EXERCISE
For this exercise, an exact copy is needed of only the lines from the one containing "Crafted from sterling" through the end of the data, with pictures left out.

[Entries taken from a collection]

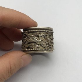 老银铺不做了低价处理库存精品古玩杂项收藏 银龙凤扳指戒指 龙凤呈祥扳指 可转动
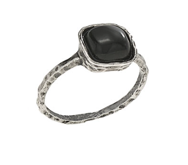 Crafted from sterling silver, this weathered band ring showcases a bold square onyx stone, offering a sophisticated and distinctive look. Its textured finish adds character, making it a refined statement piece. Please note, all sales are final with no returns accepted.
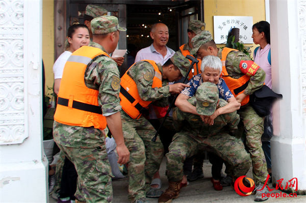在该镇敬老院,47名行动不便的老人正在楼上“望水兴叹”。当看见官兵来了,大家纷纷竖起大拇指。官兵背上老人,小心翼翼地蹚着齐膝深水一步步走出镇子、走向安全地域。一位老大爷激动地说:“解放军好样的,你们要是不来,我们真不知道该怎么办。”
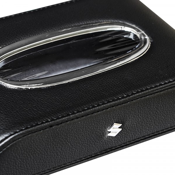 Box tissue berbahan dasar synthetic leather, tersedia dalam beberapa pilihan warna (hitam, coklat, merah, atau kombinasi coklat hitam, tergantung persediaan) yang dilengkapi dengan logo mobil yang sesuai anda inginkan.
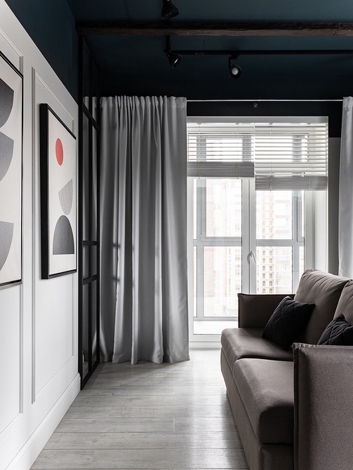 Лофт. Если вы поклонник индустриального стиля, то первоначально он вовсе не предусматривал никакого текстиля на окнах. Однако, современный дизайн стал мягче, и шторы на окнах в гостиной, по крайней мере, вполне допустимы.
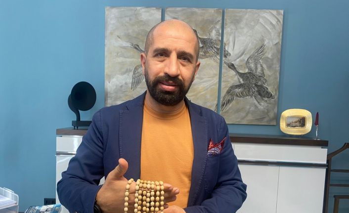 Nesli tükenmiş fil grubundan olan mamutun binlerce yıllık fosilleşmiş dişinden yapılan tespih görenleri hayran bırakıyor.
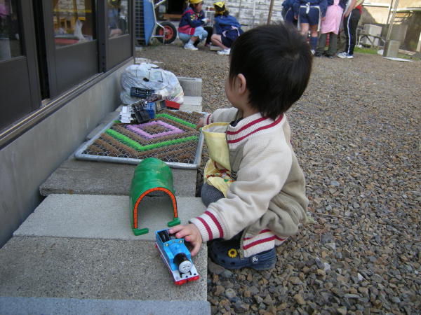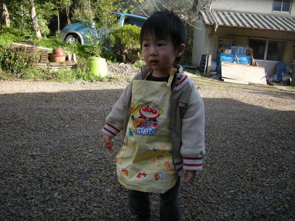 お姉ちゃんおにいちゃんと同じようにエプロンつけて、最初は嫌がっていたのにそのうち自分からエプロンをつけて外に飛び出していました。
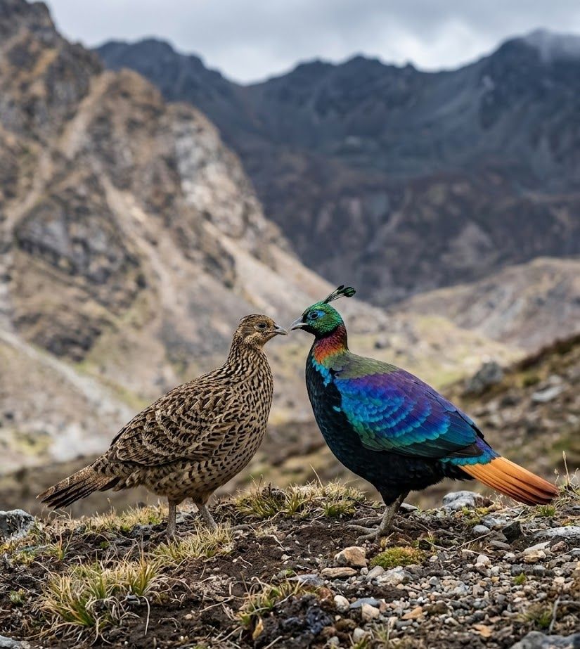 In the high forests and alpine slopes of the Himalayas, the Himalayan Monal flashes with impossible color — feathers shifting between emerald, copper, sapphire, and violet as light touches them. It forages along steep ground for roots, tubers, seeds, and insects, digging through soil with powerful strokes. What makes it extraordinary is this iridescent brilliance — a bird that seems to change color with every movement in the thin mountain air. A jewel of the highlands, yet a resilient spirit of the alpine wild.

TASK SOLUTION
 Crafted from sterling silver, this weathered band ring showcases a bold square onyx stone, offering a sophisticated and distinctive look. Its textured finish adds character, making it a refined statement piece. Please note, all sales are final with no returns accepted.
在该镇敬老院,47名行动不便的老人正在楼上“望水兴叹”。当看见官兵来了,大家纷纷竖起大拇指。官兵背上老人,小心翼翼地蹚着齐膝深水一步步走出镇子、走向安全地域。一位老大爷激动地说:“解放军好样的,你们要是不来,我们真不知道该怎么办。”
 Box tissue berbahan dasar synthetic leather, tersedia dalam beberapa pilihan warna (hitam, coklat, merah, atau kombinasi coklat hitam, tergantung persediaan) yang dilengkapi dengan logo mobil yang sesuai anda inginkan.
 Лофт. Если вы поклонник индустриального стиля, то первоначально он вовсе не предусматривал никакого текстиля на окнах. Однако, современный дизайн стал мягче, и шторы на окнах в гостиной, по крайней мере, вполне допустимы.
 Nesli tükenmiş fil grubundan olan mamutun binlerce yıllık fosilleşmiş dişinden yapılan tespih görenleri hayran bırakıyor.
 お姉ちゃんおにいちゃんと同じようにエプロンつけて、最初は嫌がっていたのにそのうち自分からエプロンをつけて外に飛び出していました。
 In the high forests and alpine slopes of the Himalayas, the Himalayan Monal flashes with impossible color — feathers shifting between emerald, copper, sapphire, and violet as light touches them. It forages along steep ground for roots, tubers, seeds, and insects, digging through soil with powerful strokes. What makes it extraordinary is this iridescent brilliance — a bird that seems to change color with every movement in the thin mountain air. A jewel of the highlands, yet a resilient spirit of the alpine wild.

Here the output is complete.